Bosnia is harder. The Dayton agreement that ended the war 15 years ago, on the watch of Mrs Clinton's husband, left the Bosnians with a ferociously complex system of governance. The country was formally divided into two entities. On the one side is the Serb-dominated Republika Srpksa (RS), and on the other the Croat-Bosniak federation, which is in turn subdivided into ten cantons. Last week I wrote here about the results of Bosnia’s recent elections and also about a new report by the International Crisis Group on the specific problems of the federation.
For years Americans and Europeans have been trying to get Bosnians to agree to some measure of constitutional reform. A year ago an American-European initiative, the so-called Butmir process, ended in miserable failure. There have been some signs that the Americans want the Bosnians themselves to lead the process. Last week Philip Gordon, the US assistant secretary for European affairs, said to journalists: “We need to leave it to the Bosnians to design their own constitution. We can’t and don’t intend to try to impose it from the outside.” Yet Mrs Clinton's visit to the region suggests that the US does consider itself to have a stake in Bosnia.

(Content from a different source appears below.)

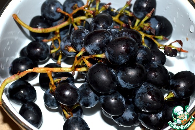 Виноград моем, если крупный режем пополам. Виноград можно брать любой зеленый, красный, синий и т. д. самое главное чтобы он был сладкий и без косточек.

The biggest problem will be Milorad Dodik, the president of the RS. Over the past four years he has moved to an ever-more extreme position, now arguing that Bosnia is not a workable state and should be dissolved into its constituent entities. As he does everything he can to disrupt the state's functioning it could be argued that this is a self-fulfilling prophecy.
In his efforts to secure independence for RS, Mr Dodik drew comfort from a recent ruling by the International Court of Justice that Kosovo’s declaration of independence was not illegal. But there are major differences between Kosovo and the RS. First, a declaration of independence by the RS would almost certainly tip Bosnia back into some form of violent conflict. Second, the RS has very few no friends internationally.
There is a Belgrade angle to this too. Serbia's president, Boris Tadić, has worked assiduously to mend fences with the United States, but by going to the RS to support Mr Dodik during the recent elections he severely damaged his credibility in Washington and elsewhere. Last week, in a widely noted interview, Dan Serwer, a former US diplomat who was intimately involved with the Clinton administration’s Balkan policies, said that Mrs Clinton should ask Belgrade to give up its territorial ambitions in both Kosovo and Bosnia if it wants to secure its long-term ambitions of EU and NATO membership.
The point is that Mr Serwer does not believe Mr Tadić’s oft-expressed position that Serbia respects the territorial integrity of Bosnia. That is bad news for Mr Tadić. Yesterday thugs and rioters trashed the centre of Belgrade in show of hatred and intolerance against gays. Serbia has spent the last ten years climbing out of the hole of isolation. Let’s hope that it does not begin to slip back in.